Created branch `<branch-name>` from `<original-branch>`.
All TDD work will be committed to this branch.

Worktree isolation (optional)

Read $CLAUDE_PLUGIN_ROOT/skills/tdd/references/tdd-worktree-orchestration.md and follow the Setup section, using <branch-name> and <original-branch> from above.

Decompose into behaviors

Break the user's description into small, individually testable behaviors. Each behavior should be:

• Observable — has a clear expected output or side effect; phrase as "When [input/action], then [outcome]" so success criteria are unambiguous (e.g., "handle errors" becomes "When the API returns 404, then return null and log a warning")
• Independent — it can be tested and implemented without the other behaviors being done yet
• Small — one test, one assertion focus (a test may have supporting assertions, but tests one thing)

Scenario-driven shortcut: if the input build spec contains a ## Scenarios section with ### Scenario: headings in Given/When/Then form, use those scenarios directly as the behavior list in the order they appear — each scenario maps to one Red-Green-Refactor cycle. The scenarios are the stakeholder-approved acceptance criteria; do not re-derive a parallel behavior list. If a scenario implies multiple sub-behaviors (e.g., a Then with two unrelated outcomes joined by "and"), apply the decomposition strategies below to split that single scenario into the minimum number of cycles needed. For scenario-driven bug fixes, verify Scenario 1 is a reproduce-the-bug case; if it isn't, prepend one before applying the rest.

Otherwise, use these decomposition strategies by task type:

• API endpoints — one behavior per response scenario (success case, each error code, each validation rule)
• Business logic — one behavior per business rule or edge case
• Bug fixes — first behavior is always "reproduce the bug" (a test that demonstrates the current broken behavior)
• Data transformations — one behavior per transformation step or boundary (empty input, boundary values, malformed data)

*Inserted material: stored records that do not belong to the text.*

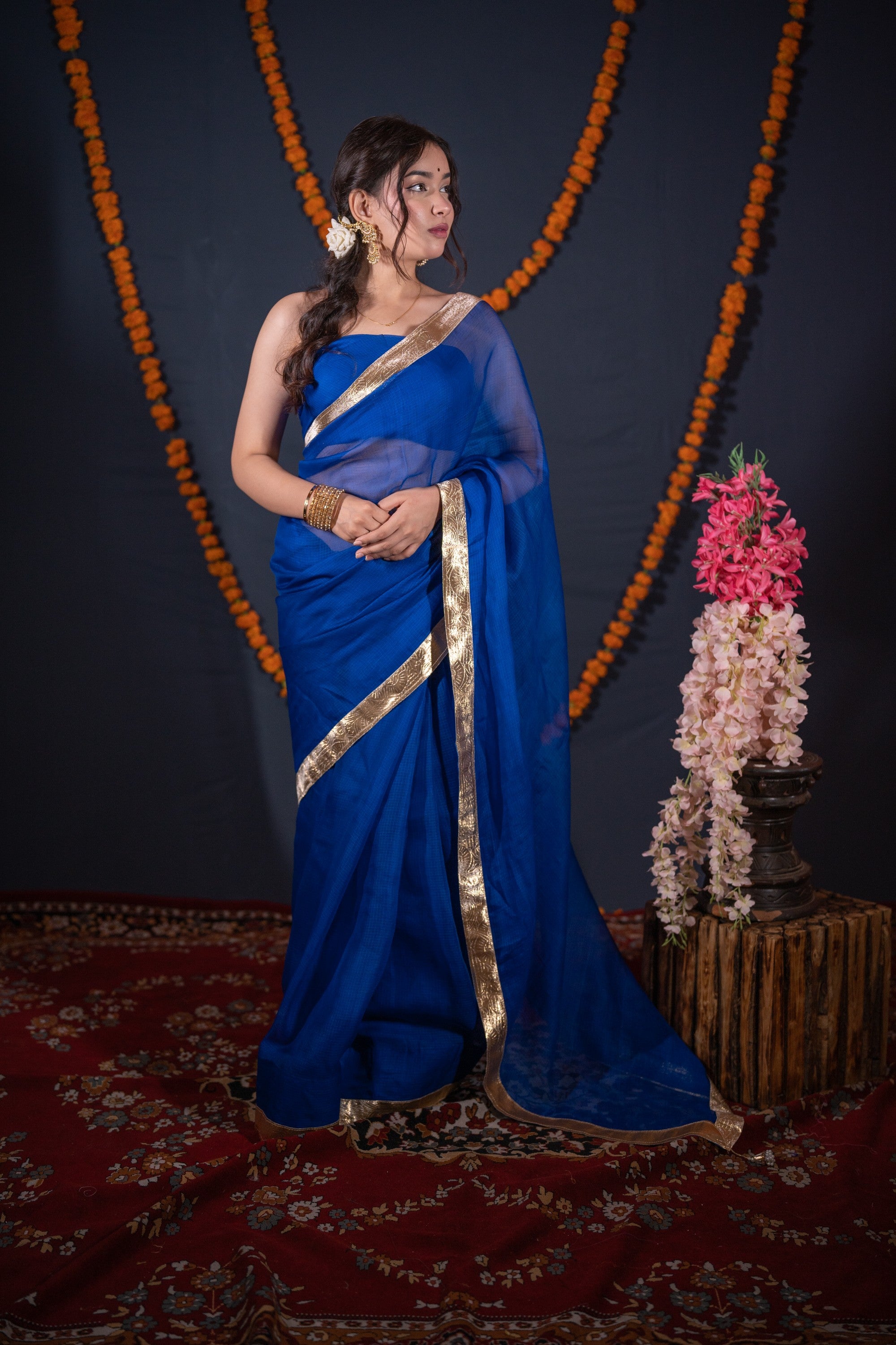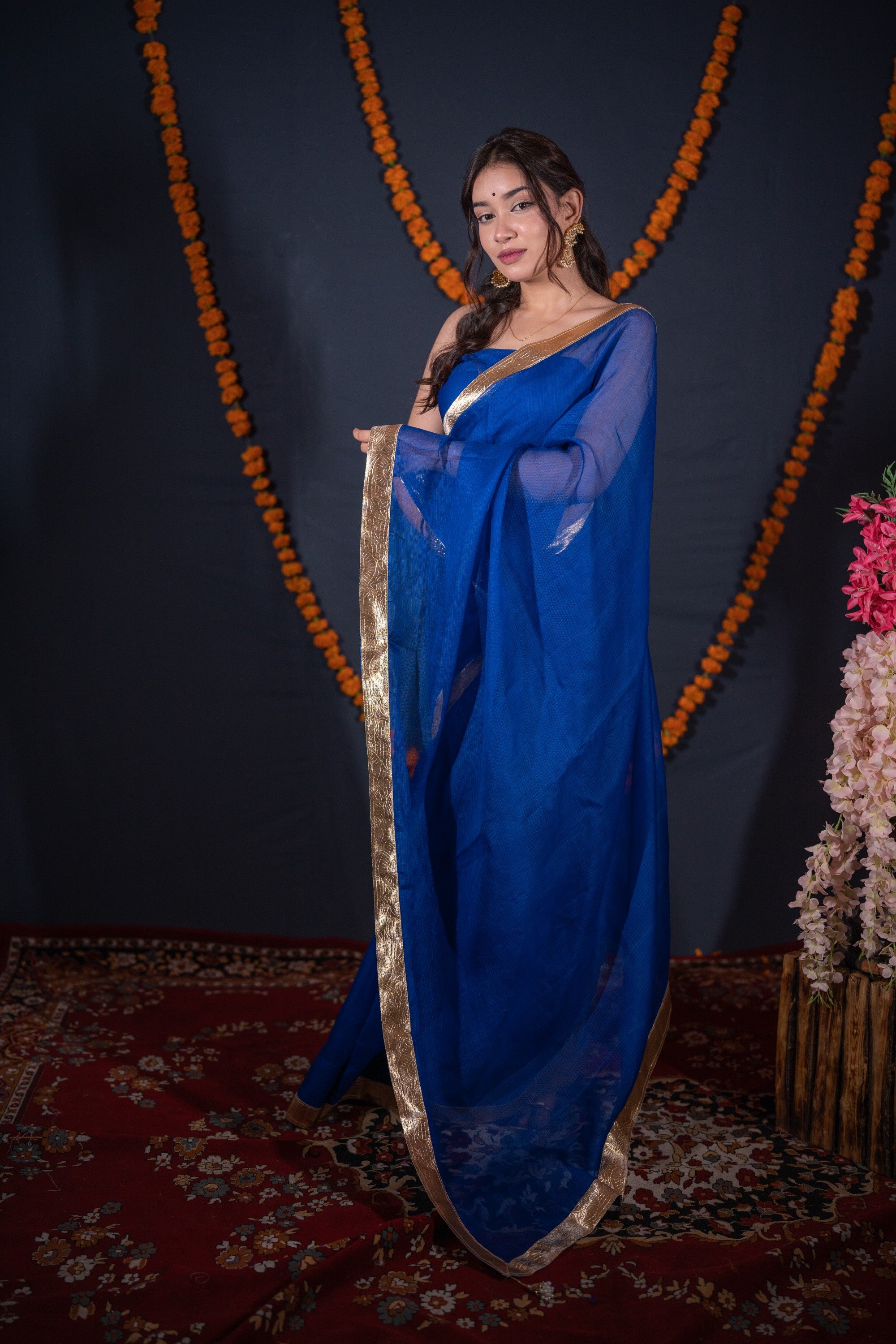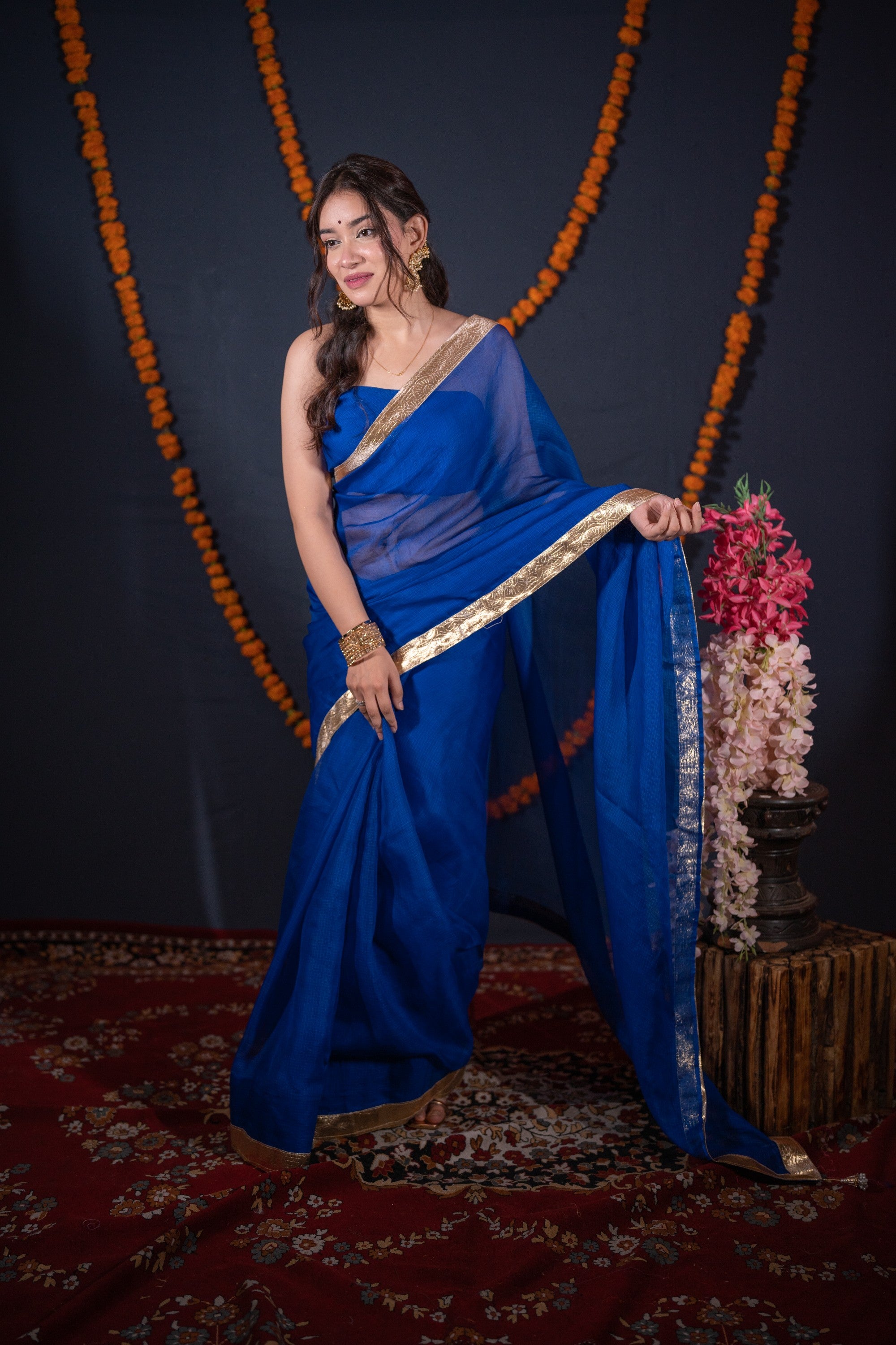 Whether it’s a wedding, Diwali, or any other festive occasion, this royal blue saree is your ideal choice. Its rich fabric and intricate detailing make it a timeless addition to your wardrobe.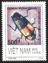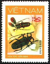 After that, south and North Vietnam were unified and Vietnam is borned. From this unified Vietnam, eight kinds of beetle stamps which drew longhorn beetle were issued in the same 1977. Eight kinds of stamps which drew Shield-backed Bug were issued further in 1982. Eight kinds of all are the beautiful new stamps unified by Shield-backed Bug. Eight kinds of insect stamps were issued also in 1986. After that, the beetle stamp was issued six kinds in 1994, and four kinds in 1996 respectively.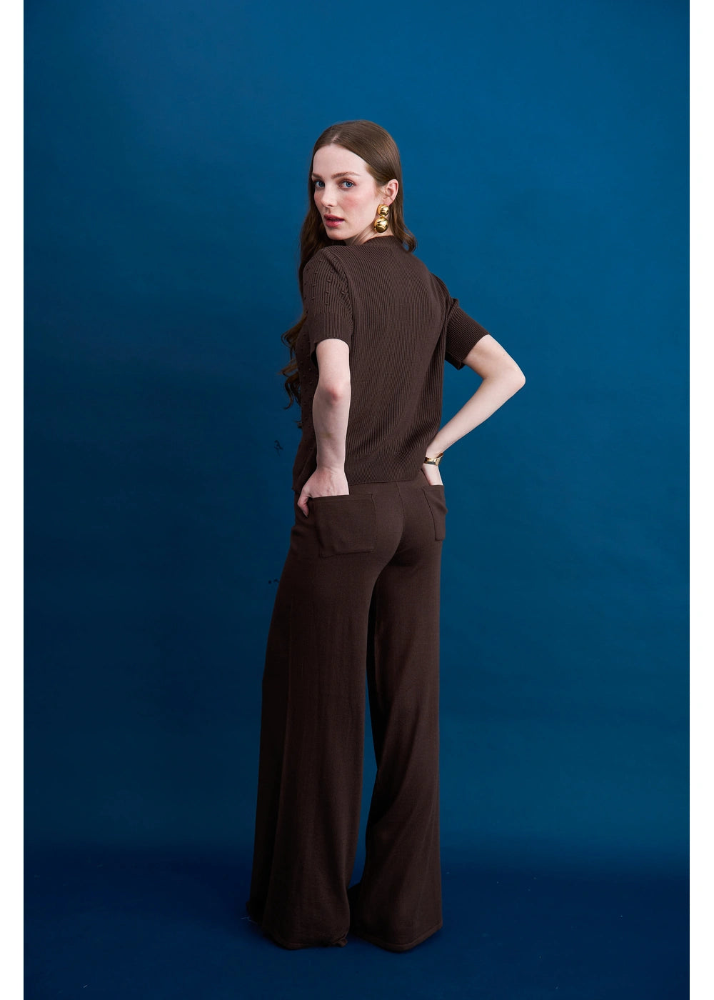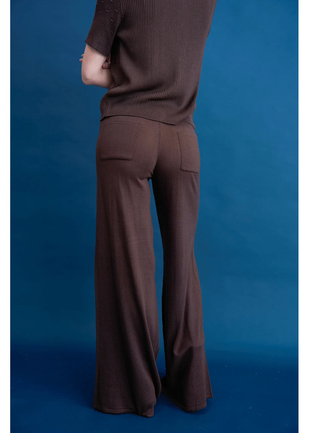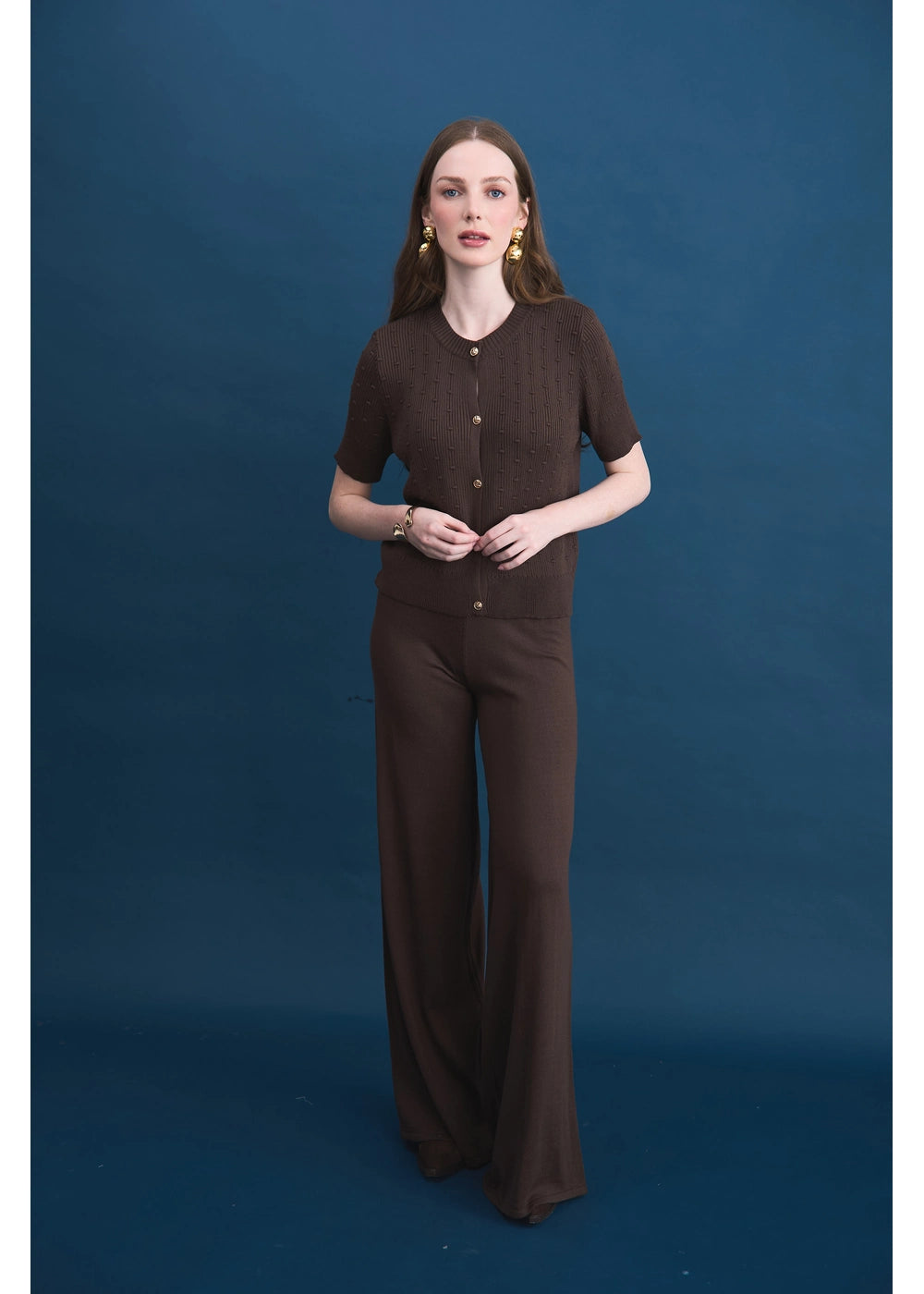 Pantalón de tejido de punto suave con patrón acanalado vertical que estiliza y alarga la figura.

If the decomposition produces more than 10 behaviors, split into milestones. Present the first milestone (~5-8 behaviors that deliver a coherent slice of functionality) as the current scope, and list remaining behaviors as "Future milestones" with brief descriptions. After completing the last behavior of the current milestone, use AskUserQuestion — header "Milestone complete", question "Milestone [N] is done ([N] behaviors). Continue to the next milestone?":

• Next milestone — "Load the next milestone's behaviors for approval"
• Stop here — "Done for now — show summary"

If the user chooses to continue, present the next milestone's behaviors for approval (return to the "Behaviors" confirmation above), then resume Step 4. This prevents overwhelming behavior lists and gives natural stopping points.

Present the decomposition as a numbered list:

## Behaviors to Implement

1. [Behavior description] — [what the test will verify]
2. [Behavior description] — [what the test will verify]
3. [Behavior description] — [what the test will verify]
...

Use AskUserQuestion — header "Behaviors", question "Does this decomposition look right? Adjust, reorder, or approve to start cycling.":

• Start cycling — "Looks good — begin Red-Green-Refactor with behavior #1"
• Adjust — "I want to modify the list before starting"

For bug fixes: the first behavior is always "reproduce the bug" — a test that demonstrates the current broken behavior.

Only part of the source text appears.